Beamer places Paterno Award in storage

GREENSBORO, N.C. — A rather poignant moment occurred during a media interview session with Virginia Tech head football coach Frank Beamer at the 2012 ACC Football Kickoff.

When asked about his winning the inaugural Joe Paterno award in 2010 and whether or not he still had the trophy displayed in his office, he answered, “No, I have it in storage.”

When asked if he had removed it before or after the Penn State child sex abuse scandal, he replied, “I moved it last week after the report came out.”

When asked why he had removed it, he said, “I thought it was the proper thing to do.”

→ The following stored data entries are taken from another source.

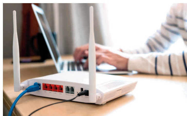
Los datos fueron relevados por el Indec en su reporte de «Acceso y uso de tecnologías de la información y la comunicación».

El uso de teléfonos celulares se extiende, en tanto, al 89,1% de la población definida por la encuesta. Y el informe revela que, en el caso de las computadoras, sólo el 37,7% de los habitantes de San Nicolás y Villa Constitución a partir de los 4 años de edad, las usan. No es una circunstancia exclusiva del aglomerado: a nivel nacional el uso de computadoras también se da en el 37,1% de la población.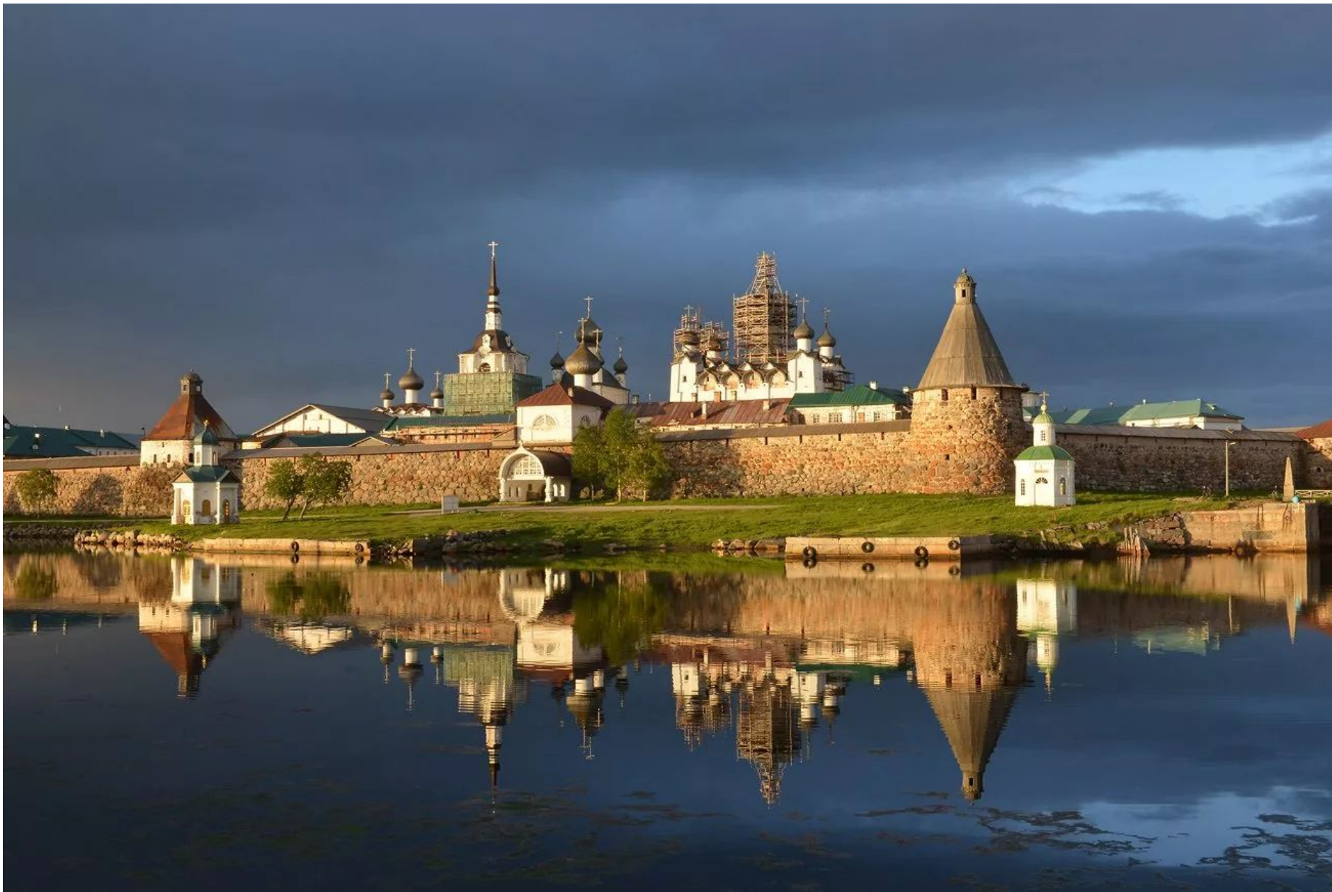
Фото 6. Соловецкий монастырь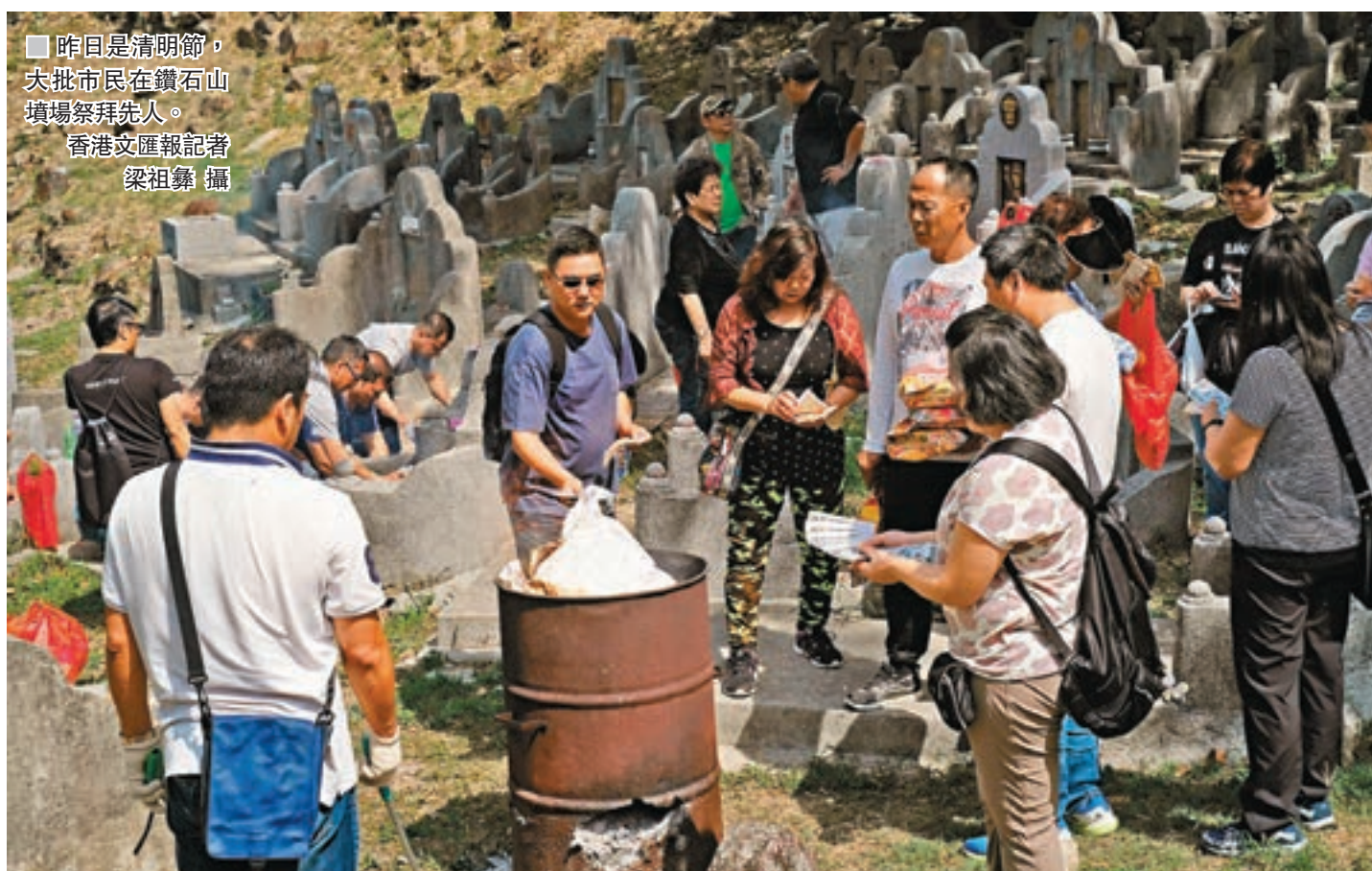
■ 昨日是清明節，大批市民在鑽石山墳場祭拜先人。

李婆婆表示，無論實屬還是燒肉都較去年貴，前者由約80元加至約100元，燒肉則由約50元加至近80元，她總共花費約200元，較去年增加約20%，因此特別選擇自行散買實屬一份實屬，並減少祭品數量以省開支。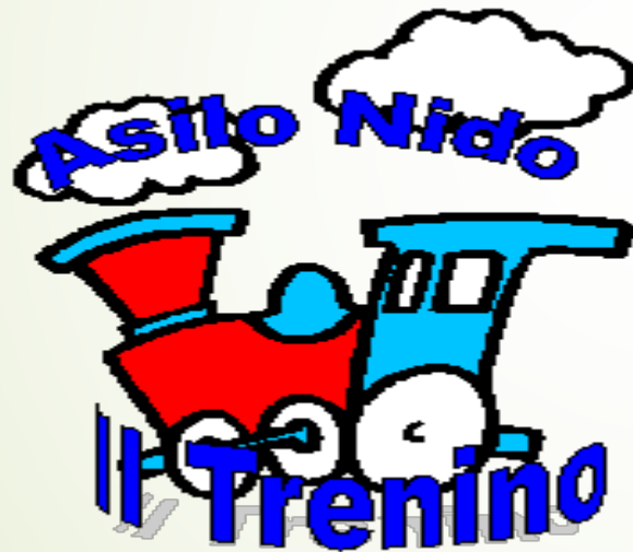
Asilo Nido Comunale Il Trenino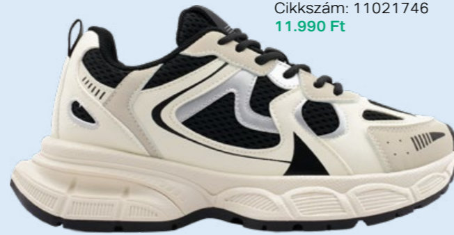
Cikkszám: 11021746 11.990 Ft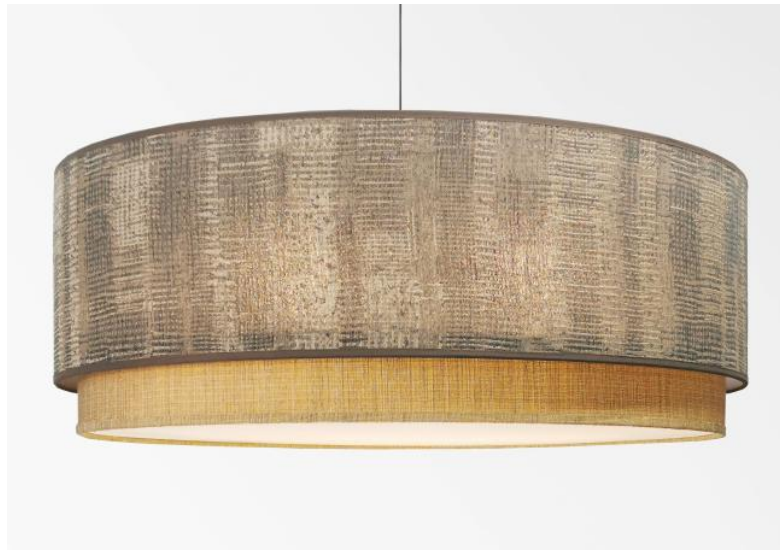
Abat-jour KOUBAN 70 en Wilg Wengé (tissu de catégorie 4) avec anneau en Turda Abricot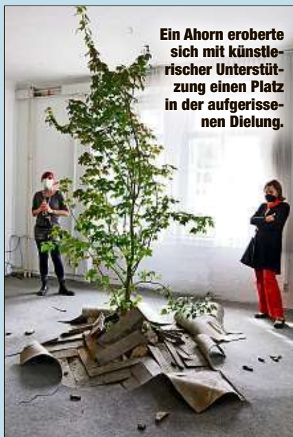
Ein Ahorn eroberte sich mit künstlerischer Unterstützung einen Platz in der aufgerissenen Diele.

ZWICKAU - „Ibug - das Festival für urbane Kunst“ war ein Festival mit Hindernissen: Bis zu einer halben Stunde Wartezeit nahmen am Wochenende rund 2000 Besucher in Kauf, um die umgestaltete Brache des ehemaligen königlichen Krankentifts anzuschauen.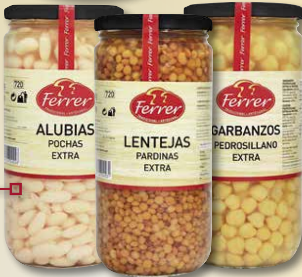
Mongeta Pocha, lletia pardina o cigrons Pedrosillano FERRER 660 Gr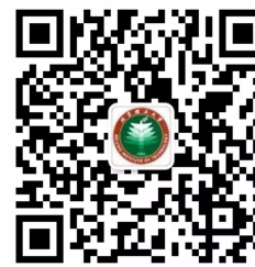
扫描二维码,关注北京理工大学官方微信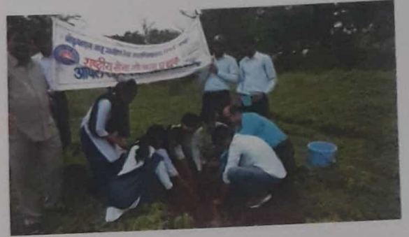
वृक्षारोपण आणि संवर्धन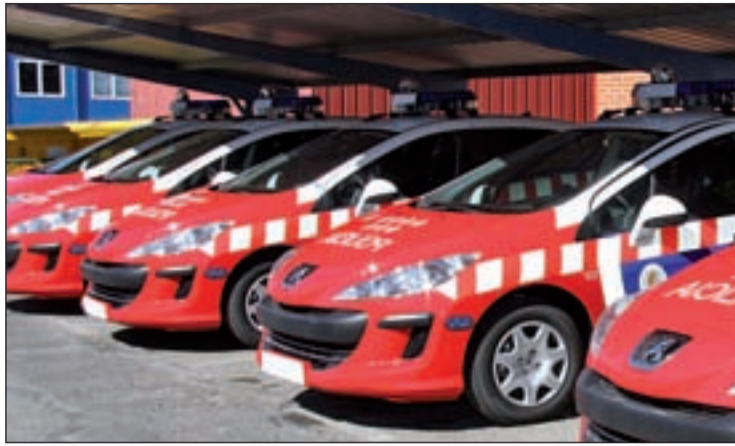
El dispositivo lo lleva a cabo la Policía Local Uniformada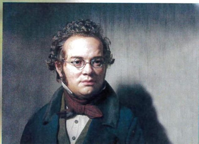
Franz SCHUBERT ©HadiKarimi-Creative-Commons-Grand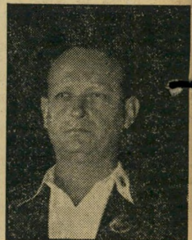
אהה, אחה"ע בטחון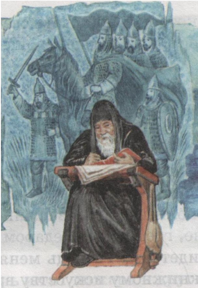
Нестор – летописец, автор «Повести временных лет»

Основными источниками сведений о жизни Святослава являются «История» Льва Дьякона и «Повесть временных лет» .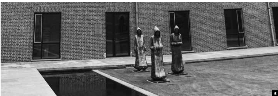
1. D'Abdij , Centrum van de diocesane onderwijsdiensten. 2. Glasramen van Roderburg in d'Abdij . 3. Bedrijvigheid in het onderwijscentrum. 4. Beelden van Scholastica en Benedictus in de refter van d'Abdij . 5. De binnentuin van d'Abdij met de drie bronzen 'wandellmonniken' van Martine Bossuyt.

maar binnenin heerst er volop bedrijvigheid, althans tijdens de kantooruren. De herinnering aan het initiële gebruik van het gebouw is met het nodige respect behouden en geïntegreerd in het nieuwe concept. Misschien moeten er alleen nog wat zonnebloemen komen. 7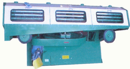
CS-30 bis ca. 3,0 t/h CS-45 bis ca. 4,5 t/h CS-60 bis ca. 6,0 t/h CS-75 bis ca. 7,5 t/h CS-100 bis ca. 10,0 t/h

Bankverbindung: Raiffeisenkasse Ohlsdorf Konto NR:26146 BLZ:34390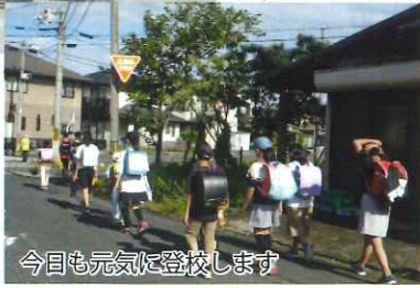
今日も元気に登校します

A long and reflective pause followed before another Virginia Tech football question was asked, breaking his somber trance and once again putting his focus back on track.

The exchange perhaps revealed a glimpse of Beamer’s regard for the innocent victims of the scandal; it is only speculation. But he took Paterno at his word when, in his retirement announcement, he said the scandal was “one of the great sorrows of my life” and “I wish I had done more.”

As for the punishment inflicted on the university, Beamer said: “The NCAA made a strong, gigantic statement today.”

Beamer does not yet know if any of the football players at Penn State, either current or incoming, will ultimately end up at Virginia Tech, but he knows that whatever happens will happen sooner rather than later.

“We recruited some of those guys, but I need to get back and talk with my staff a little bit,” he said. “I know things are going to happen quickly, so we’ll have to do things quickly. We’ll see.”

Something else that is approaching rather quickly is Virginia Tech’s season opener with Coastal Division rival Georgia Tech on Sept. 3. Serious preparations for that game will begin when fall camp opens on Aug. 6.

Beamer understands the good and bad of beginning your football season with a conference opponent, especially one from within your division.

“The good is you’re playing on national television. If you do well, it’s great for your program. Also, because you have something like that to look forward to, your pre-season practices go better,” Beamer said. “The bad is that ideally you like to play your non-conference games and get your team kind of set. For us this year we don’t yet know who our tailback will be, but we do know that we’ll probably be using a freshman punter. So this is one of those years where we could use some time to get our team set.”

Although it is likely that Virginia Tech will utilize more than one tailback this season, the front-runner for the starting spot is Michael Holmes, a redshirt freshman from Harrisonburg, Va.

During his redshirt season, Holmes earned Iron Hokie honors during spring strength and conditioning testing. In one spring scrimmage, he contributed eight carries for 89 yards that included a 60-yard touchdown run. He added two short touchdown runs in another scrimmage and won the Paul Torgersen Award as the top offensive newcomer of spring practice.

In high school, Holmes was named the state Group AA Offensive Player of the Year as a junior and senior by the Associated Press. He rushed for 2,877 yards on 372 carries (7.7 yards-per-carry) and, as a senior, scored 41 touchdowns. Beamer believes Holmes high school success will translate into college success.

“I think he has a chance to be very good. When guys have done it in high school, they’re used to carrying the ball, used to not fumbling, so that usually carries over. I feel like he will be okay, he just hasn’t done it yet. That’s how I felt about Logan Thomas last year,” said Beamer. “I’m also excited about Trey Edmunds, J.C. Coleman, Tony Gregory, if he comes back from his knee injury, and Chris Mangus. We need to narrow it down to how many we’re going to work with and how many plays each of them will get.”

There are other positions where youth and inexperience may rear its sometimes ugly head, like at punter, the offensive line where Tech lost four players who started every game over the past two seasons, and back-ups in the defensive secondary where freshmen will likely fill those spots.

In light of these issues, when the Yellow Jackets swarm Lane Stadium, will Virginia Tech be ready? Beamer is optimistic that they will be.

“I think Georgia Tech is going to be good. We have a team that can be good, but we’re not there yet. We have some work to do.”